Estados expõem a geografia do troca-troca
Em números absolutos, São Paulo lidera, com dez deputados que já mudaram de partido. Minas Gerais vem em seguida, com oito. Ceará, Goiás, Paraná e Rio de Janeiro aparecem com cinco cada. Proporcionalmente, porém, o movimento é mais intenso em Mato Grosso e Roraima, onde três dos oito deputados de cada bancada já trocaram de legenda. Isso equivale a 37,5% do total.
A tendência é de novas mudanças até o fim do prazo. Mas o quadro político já está claro: até aqui, o PL foi o partido que melhor converteu a janela em expansão de poder na Câmara, com direito a cerimônia para exibir reforços. O União Brasil, por sua vez, sai deste momento como a sigla mais atingida pelo esvaziamento.
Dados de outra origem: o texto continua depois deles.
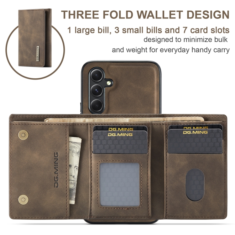 Funda Cartera Samsung Galaxy A35 5G Dg.Ming M1 Series Múltiples Tarjetas 3 Pliegues (Café)
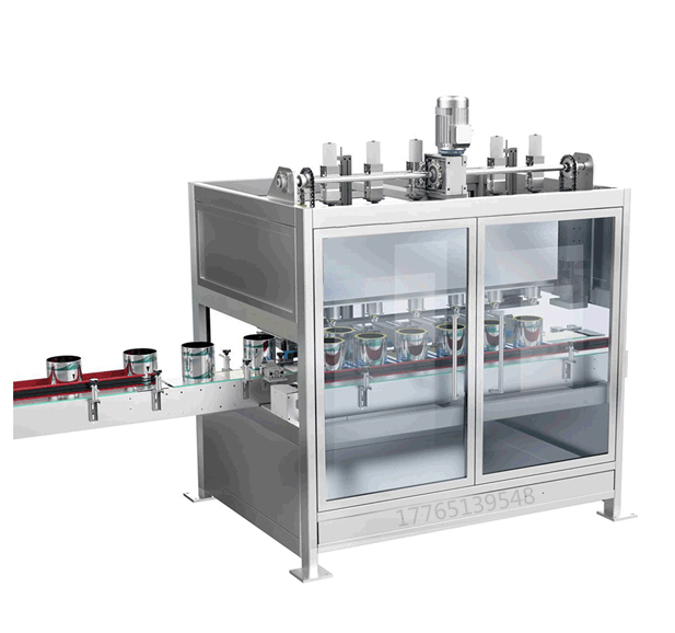 操作流程一般如下: 人工將桶口對位,使之位于噴正下方; 按下“啟動”按鈕,臺秤上的皮重被檢測以查驗(yàn)容器重量; 噴頭落下進(jìn)入桶內(nèi),系統(tǒng)檢測噴頭下降過程并去除皮重; 球閥和底閥打開,按預(yù)選的快、慢速進(jìn)行灌裝; 當(dāng)重量接近目標(biāo)值時,灌裝速度改變從快速轉(zhuǎn)到慢速; 當(dāng)灌裝重量達(dá)到目標(biāo)值減去提前量時,球閥和底閥關(guān)閉; 噴頭升起從桶內(nèi)抽出; 誤差在秤臺上被靜態(tài)檢測出并顯示,超限告警; 一桶完成,進(jìn)下一桶。 20L上料位液體灌裝機(jī)的優(yōu)勢主要體現(xiàn)在以下幾點(diǎn): 高度自動化:實(shí)現(xiàn)全過程自動化,降低人工操作強(qiáng)度; 定量準(zhǔn)確:采用高精度的電子計(jì)量系統(tǒng),確保灌裝量的精確度和穩(wěn)定性; 結(jié)構(gòu)緊湊:設(shè)備占地面積小,便于安裝和維護(hù); 適應(yīng)性強(qiáng):適用于多種物料和包裝材料; 安全性高:具備防爆、防滴漏、自動閥門控制等功能,滿足生產(chǎn)安全要求。 20L上料位液體灌裝機(jī)廣泛應(yīng)用于化工、食品、醫(yī)藥等行業(yè)中液體、顆粒物料、粉狀物料等的自動灌裝。優(yōu)勢與應(yīng)用
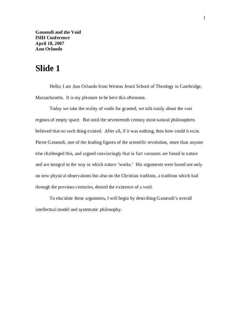The 1 Pierre Gassendi and the Void ISIH Conference Ann T. ... - web mit is a Word document required to be submitted to the required address to provide some info. It needs to be completed and signed, which may be done in hard copy, or via a particular solution e. g. PDFfiller. It lets you fill out any PDF or Word document directly from your browser (no software requred), customize it depending on your needs and put a legally-binding e-signature. Right away after completion, user can easily send the 1 Pierre Gassendi and the Void ISIH Conference Ann T. ... - web mit to the appropriate recipient, or multiple individuals via email or fax. The template is printable too thanks to PDFfiller feature and options proposed for printing out adjustment. In both electronic and in hard copy, your form will have a neat and professional outlook. You can also turn it into a template to use it later, so you don't need to create a new blank form from the beginning. You need just to amend the ready document.
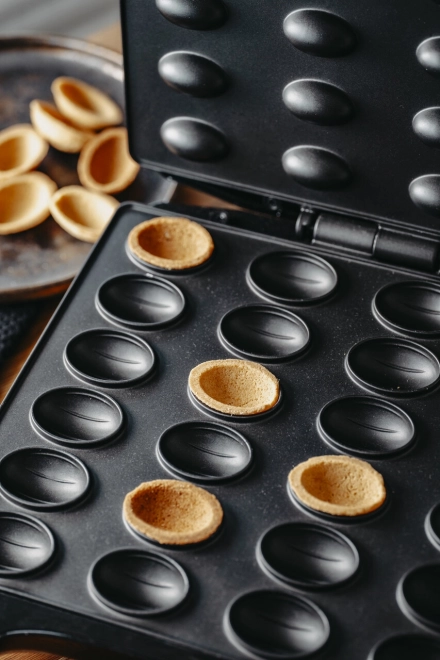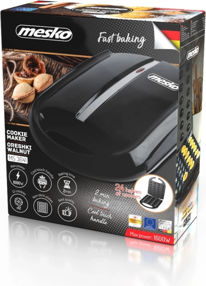 Domácí ořechové sušenky s krémem za 2 minuty? S opékačem MESKO XL to zvládnete kdykoli. Velká pečicí plocha vytváří v jednom cyklu 24 velkých polovinek, které snadno spojíte do plněných oříšků – nasladko i naslano. Nepřilnavé desky zajistí čisté vyjmutí a rychlé čištění.
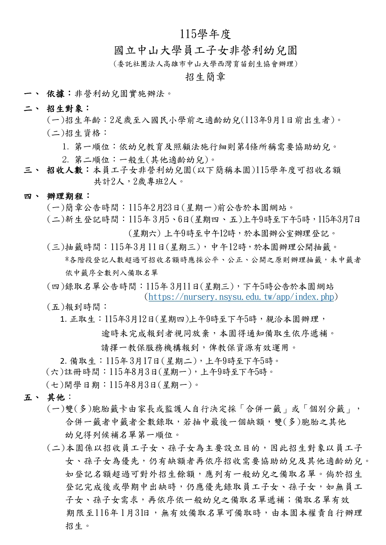 國立中山大學員工子女非營利幼兒園(委託社團法人高雄市中山大學西灣育苗創生協會辦理)

Mais bancada, mais dinheiro, mais poder
A disputa por deputados federais está longe de ser apenas simbólica. A eleição para deputado federal é estratégica para os partidos porque dela depende boa parte de sua força institucional e financeira nos quatro anos seguintes. É o desempenho nessa disputa que serve de base para a distribuição do fundo partidário e de parte relevante do fundo eleitoral, além de influenciar o acesso à propaganda partidária e o cumprimento da cláusula de desempenho, que condiciona o funcionamento pleno das legendas no Congresso.
O tamanho da bancada eleita para a Câmara também pesa no poder político de cada sigla, ao ampliar sua capacidade de formar liderança, ocupar espaços na estrutura legislativa e ganhar protagonismo nas negociações parlamentares.
Janela também reorganiza 2026
O troca-troca não se explica apenas pela lógica nacional. Em muitos casos, deputados mudam de legenda para buscar um palanque mais competitivo nos Estados ou espaço em disputas majoritárias, como governo e Senado. A janela funciona, assim, como uma prévia das alianças de 2026.
Esses movimentos mostram que a janela, embora trate formalmente da eleição proporcional, funciona também como ensaio para a disputa por governos estaduais e vagas no Senado. Em muitos casos, a troca de sigla tem menos a ver com identidade partidária e mais com posição no tabuleiro regional.
O Plenário vazio da Câmara, provocado pelo cancelamento das sessões desta semana, contrasta com o corre-corre nos diretórios partidários até a próxima sexta-feira. O número de trocas ainda deve subir nos próximos dias. De acordo com levantamento do Congresso em Foco, ao menos 121 dos 513 deputados federais trocaram de partido na janela partidária de 2022, entre 3 de março e 1º de abril.